(RSF/IFEX) – Dans une lettre adressée au président ukrainien Leonid Koutchma, RSF a demandé, après la démission attendue du ministre de l’Intérieur Youri Kravtchenko, une enquête approfondie au sein même du ministère de l’Intérieur pour établir les éventuelles responsabilités, jusqu’au plus haut niveau, dans la surveillance, la disparition et l’assassinat du journaliste. RSF a par […]
(RSF/IFEX) – Dans une lettre adressée au président ukrainien Leonid Koutchma, RSF a demandé, après la démission attendue du ministre de l’Intérieur Youri Kravtchenko, une enquête approfondie au sein même du ministère de l’Intérieur pour établir les éventuelles responsabilités, jusqu’au plus haut niveau, dans la surveillance, la disparition et l’assassinat du journaliste. RSF a par ailleurs proposé d’envoyer un expert médico-légal pour participer à une nouvelle expertise.
« Vous venez de reconnaître les graves manquements de l’enquête sur la disparition et l’assassinat de Géorgiy Gongadze et l’existence de zones d’ombre dans cette terrible affaire. Il est de votre responsabilité d’en tirer désormais pleinement les conséquences, et de prendre les décisions qui s’imposent. La démission attendue du ministre de l’Intérieur, Youri Kravtchenko, après celle du chef des services secrets, Leonid Derkatch, doit permettre désormais de mener une enquête approfondie au sein même de l’administration ukrainienne, » a déclaré Robert Ménard, secrétaire général de l’organisation.
« Nous vous demandons par ailleurs d’autoriser des experts internationaux à conduire une nouvelle autopsie du corps et tous les examens nécessaires pour faire la lumière sur les conditions de cet assassinat. Reporters sans frontières se propose d’envoyer un expert médico-légal pour participer à une nouvelle expertise. Nous avons également demandé au FBI de reprendre ses travaux et de conduire une nouvelle autopsie », a ajouté M. Ménard.
Il ne fait plus aucun doute, par ailleurs, que tout a été fait, dans les premières semaines suivant la découverte du cadavre de Gongadze, pour que ce corps ne puisse pas être identifié. Le fait que l’analyse ADN indépendante conduite en Allemagne ait été effectuée sur un morceau de peau n’appartenant pas au corps du journaliste renforce encore cette certitude. Nous vous rappelons que, début novembre 2000, alors que les autorités étaient informées que le corps retrouvé à Tarachtcha pouvait correspondre à celui du journaliste, les restes ont été maintenus treize jours dans la morgue locale, sans aucun moyen de conservation au froid. De plus, le corps a été transporté en secret à Kiev à l’insu du responsable de la morgue locale après que des proches avaient mis en évidence des éléments permettant de l’identifier. Quant à l’épouse de Géorgiy Gongadze, elle n’a été autorisée à voir le corps que le 10 décembre, soit plus d’un mois après qu’il avait été découvert.

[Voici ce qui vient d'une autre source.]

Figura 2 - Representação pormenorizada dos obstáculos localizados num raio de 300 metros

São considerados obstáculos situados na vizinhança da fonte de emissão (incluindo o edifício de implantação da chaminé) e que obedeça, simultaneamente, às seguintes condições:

Enfin, alors que le ministre adjoint de l’Intérieur, Mykola Djiga, a déclaré, le 16 novembre, que le corps retrouvé à Tarachtcha aurait passé près de deux ans sous terre, et ne pouvait être celui du journaliste, les différentes analyses ADN conduites par la suite en Ukraine et en Russie, sous la pression de l’opinion publique, ont confirmé qu’il s’agissait bien du corps du journaliste.

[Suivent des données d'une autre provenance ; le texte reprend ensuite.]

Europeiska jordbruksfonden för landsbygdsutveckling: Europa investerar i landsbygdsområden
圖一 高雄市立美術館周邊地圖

RSF rappelle que qu’aucune enquête sérieuse n’a encore été menée sur la filature et les intimidations dont Gongadze avait été l’objet de la part des services officiels, dans les semaines précédant sa disparition. Le journaliste avait lui-même dénoncé dans une lettre au procureur général d’Ukraine la surveillance dont il était l’objet de la part des fonctionnaires du ministère de l’Intérieur, qui le suivaient et interrogeaient ses proches. Le procureur général s’est contenté d’indiquer, dans les conclusions provisoires de l’enquête présentées au Parlement le 11 janvier 2001, que le ministre ayant démenti d’éventuelles responsabilités de ses services, toute accusation était infondée. Alors que certains faits sont d’ores et déjà établis, ce déni de vérité n’est plus crédible.
Les conditions de l’assassinat doivent désormais être établies avec certitude et ses responsables doivent être identifiés. Et ce malgré l’obstruction systématique, depuis des mois, de certaines autorités administratives et judiciaires. Reporters sans frontières a demandé que tous les moyens soient mis en oeuvre, avec l’aide d’experts internationaux, pour qu’une véritable enquête soit engagée et produise les résultats attendus désormais en Ukraine et à travers le monde.